If you’re paying attention to some of the success stories out there, you’ll start to notice the PLG strategy in many of the big case studies.
The modern buyer's journey has changed. With information readily available, buyers often prefer to try products themselves before engaging with a salesperson. And they’re more likely to be swayed by the reviews than by your marketing campaign.
Product Led Growth takes advantage of this shift by removing friction in the value exchange process and focusing on delivering constant moments of value through the product itself.
Quick foreshadowing to a future piece: when we talk about product we’re mostly talking about the digital, or real-world, experience that your customer has with you. It’s not the chequing account product that a bank comes up with, or the can of Red Bull. It’s the online banking experience and the World of Red Bull. For more obvious examples, think takealot.com , where the online presence is the manifestation of the product they’re offering a customer.
Product Led Growth highlights the contract between you and your customer. For sustainable growth, I firmly believe in that contract. I’ll talk about it in a future piece (more foreshadowing), but basically it’s relating to the fact that you’re promising to deliver a certain amount of value to your customer and in return they are agreeing to stick with you to receive that value, possibly even sharing more than just their time and money with you - if that’s part of the contract.
By building an experience that personifies this contract, you then have the levers to push and pull to deliver on that in ways that might be specifically tailored to individuals.
It’s all about uncovering what’s valuable to me as a consumer and then giving that to me - easily - as often as possible. If I get what I want without friction, and possibly with some additional joy, then “Take my money, take my attention. I am your loyal consumer for as long as you can keep the bonfire burning”.
When you’ve unlocked these moments of value and have found the most efficient way to expose your customers to that dopamine hit again and again and again, then you unlock the Product Led Growth flywheel, mentioned above. And once that flywheel gets rolling, the growth returns just keep expanding.
And this is why Product Led Growth is becoming so much more attractive. It’s ticking those boxes we’ve all been promising for so long:
- Customer Centricity
- Marketing Budget Efficiency
- Exponential Growth
Takeaways from Product Led Growth
There is no way that every company can adopt a Product Led Growth strategy in isolation. Some will not be able to adopt it at all, in it’s purest form.

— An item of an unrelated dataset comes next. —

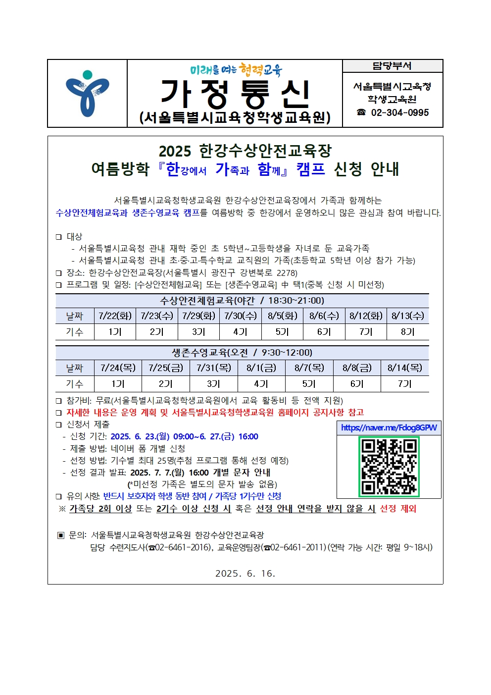 2025 ÇѰ­¼ö»ó¾ÈÀü±³À°Àå ¿©¸§¹æÇÐ ¡ºÇѰ­¿¡¼­ °¡Á·°ú ÇÔ²²¡» Ä·ÇÁ ½Åû ¾È³»
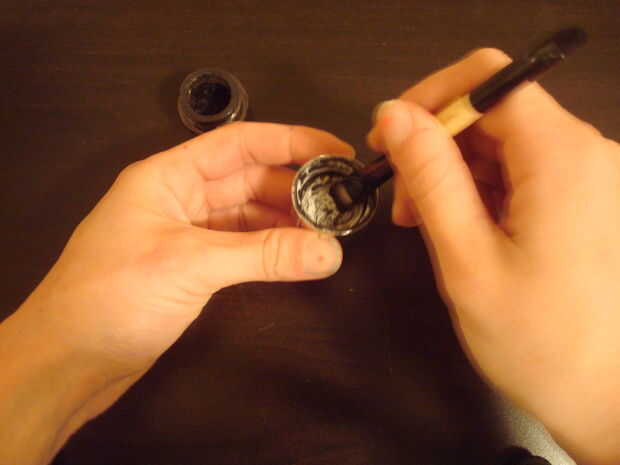 Primero sumerja en la crema del trazador de líneas (apenas consigue un poco en la punta del pincel). Entonces yo difundirlo hacia fuera en el interior de la tapa de la crema protectora con el cepillo por lo que sólo un poco en el cepillo. Mientras que yo estoy aplicando a mis ojos, si necesito más delineador de ojos a sólo tomar algunos desde el interior de la tapa.

However, I believe that there are principles in the discipline that can and should be adopted by everyone. Even for those professionals who prioritise one of the other models, it’s like a set of tools that they can reach into and leverage in the right situations.
So I’m hoping that the next few articles, and videos, on the subject will help not only help those exploring the Product Led Growth model, but also for all marketers who aspire to throw in some innovative approaches to their hybrid strategies.
If you're struggling to get your strategy off the ground, you're also welcome to slide into my DMs and I'd be happy to chat to you about it.
Hasta la próxima!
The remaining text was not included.